Postoperative (a-1, b-1) T1-Gd and (a-2, b-2) T2-WI. a) One week after successful tumor resection. b) One year after surgery, no recurrences are apparent on MRI.

 

DISCUSSION

Abrinkossoff first described GCT as granular cell myoblastoma and has been reported in a variety of anatomic sites, but very few cases in the spinal cord have been reported.[ 1 , 4 , 13 , 14 , 16 ] This tumor is a peripheral nerve sheath tumor with neuroectodermal differentiation and is thought to be of Schwann cell origin based on immunohistochemical and ultrastructural findings.[ 4 , 17 ] The brain and pituitary gland are another uncommon site for GCT within the central nervous system. In particular, GCT within the spinal cord is extremely rare.

Clinically, the median age of patients with intraspinal GCT is 23 years, with a typical age range of 13–49 years, and the vast majority of cases have been reported in females.[ 16 ] Intradural extramedullary tumors were reported in 18 cases, with intramedullary tumors reported in only three cases.[ 4 ] Symptoms have included back pain, nerve root symptoms and weakness, paresthesias, gait disturbances, gastrointestinal and bladder dysfunctions, and upper and lower motor neuron dysfunctions, often with slowly progressive neurological abnormalities.[ 14 ] Radiologically, GCTs are best evaluated with MRI because they are typically intradural extramedullary masses. MRI generally depicts the tumor mass as isointense on T1-WI and ISO-to-hypointense on T2-WI, and homogeneous enhancement has been seen after administration of contrast agents. In addition, other reports have noted that the hypointense visualization on MRI/T2-WI may represent the countless eosinophilic granules in the cytoplasm within the solid mass of the GCT.[ 5 , 6 , 9 ] We hypothesize that this intra-tumoral hypointense sign on T2-WI is an extremely interesting and important finding that may be key to reaching a preoperative diagnosis of spinal intramedullary GCT. However, MRI is not specific to this tumor because similar signal changes may be seen with other spinal cord tumors, including schwannomas, meningiomas, paragangliomas, meningiomas, paragangliomas, ependymomas, and metastatic tumors. [ 2 , 13 , 14 , 16 ] In the present case, the patient was a 36-year-old woman with numbness and weakness in the lower limbs, which seems typical for intramedullary GCT of the spine. In addition, MRI demonstrated moderate and homogeneous enhancement with Gd, and the inside part of the solid mass showed signal hypointensity on T2-WI. Such clinical signs and imaging findings are very important for diagnosing spinal intramedullary GCT accurately before surgery, and we think that recognition of this pattern may lead to safe and effective resection of spinal intramedullary GCT.

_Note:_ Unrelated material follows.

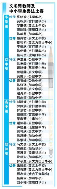 东:(已签发)文冬县教师及中小学生书法比赛

GCTs are rare neoplasms derived from Schwann cells with characteristic pathological findings.[ 4 , 10 , 16 ] Pathologically, the cells are eosinophilic with indistinct cell borders, large amounts of granules in the cytoplasm, and a low nucleo-cytoplasmic (N/C) ratio.[ 15 ] The granules are small and regular, focally aggregating into larger fragments, and the cytoplasmic granules are periodic acid-Schiff-positive, diastase resistant. Tumor cells are characterized by positive immunohistochemistry for S-100 protein, cluster of differentiation 68, neuron-specific enolase, inhibin-alpha, and vimentin. The cells do not react with GFAP, neurofilament protein, human melanin black-45, keratin, epithelial membrane antigen, cytokeratin 7, chromogranin, or synaptophysin.[ 8 , 16 ] Malignant cases are extremely rare, but some reports indicate that malignancy is present if three or more of the following six criteria are met: the presence of necrosis, spindle-shaped tumor cells, vacuolated nuclei with well-defined nucleoli, highly fissionable nuclei, high N/C ratio, and polymorphism. In addition, p53 and Ki-67 are highly positive for immunohistochemistry in malignant cases.[ 3 , 12 ] In the present case, the tumor comprised round or polygonal cells with abundant granular eosinophilic cytoplasm. Most nuclei were round to oval with no evidence of cellular atypia or mitotic figures, and perivascular lymphocytic aggregates were recognized microscopically. This structure was immunopositive for S-100 and SOX10 and negative for GFAP. These findings are consistent with GCT in consideration of morphological studies and immunohistochemical analyses.

Regarding the treatment of GCT in the spinal region, surgical resection has the most important role. The treatment advocated for GCT at more usual sites is excision with wide margins. While complete resection should be attempted, the recurrence rate is high after partial resection. Local recurrence is observed in more than 20% of cases with positive resection margins, even if the disease is benign. In general, radio- and chemotherapy are not recommended. [ 4 , 7 , 14 , 16 ] However, radiotherapy has been used in the past in the presence of malignant disease or when complete tumor excision with wide margins is not possible, although the efficacy of this method remains unproven. Although few cases of intraspinal GCT have been reported, radiotherapy has been successfully used to stabilize recurrent/residual disease in one case.[ 2 ] In the present case, adhesions to the spinal cord were not strong, and the margins were fortunately clear. Gross total resection was therefore possible, and we did not need to introduce radiotherapy after surgery. If tumor growth is detected during long-term observation, we will start radiotherapy. Fortunately, follow-up neuroimaging after 12 months showed no signs of recurrence, and no neurological complications have been identified. Accumulation of more cases, longer patient follow-up, and further experience with therapy for this pathological entity are required.

CONCLUSION

This case is one of the few reported adult cases of spinal intramedullary GCT. Given the rarity of this pathology, a multidisciplinary approach is essential. At present, surgical resection of the tumor remains the logical approach to tumor management to maximize long-term survival. In this case, surgery was performed as early as possible, yielding favorable clinical outcomes. To the best of our knowledge, as of the time of writing, no such cases have been reported previously in which complete removal of a spinal intramedullary GCT was possible. Therefore, this report should prove invaluable in elucidating the importance of the surgical procedure for spinal intramedullary GCT. Further research and accumulation of cases are needed to understand the behavior of these tumors better, identify optimal treatment plans, and standardize immunohistochemical and imaging analyses for diagnosis.

Ethical approval

The Institutional Review Board approval is not required.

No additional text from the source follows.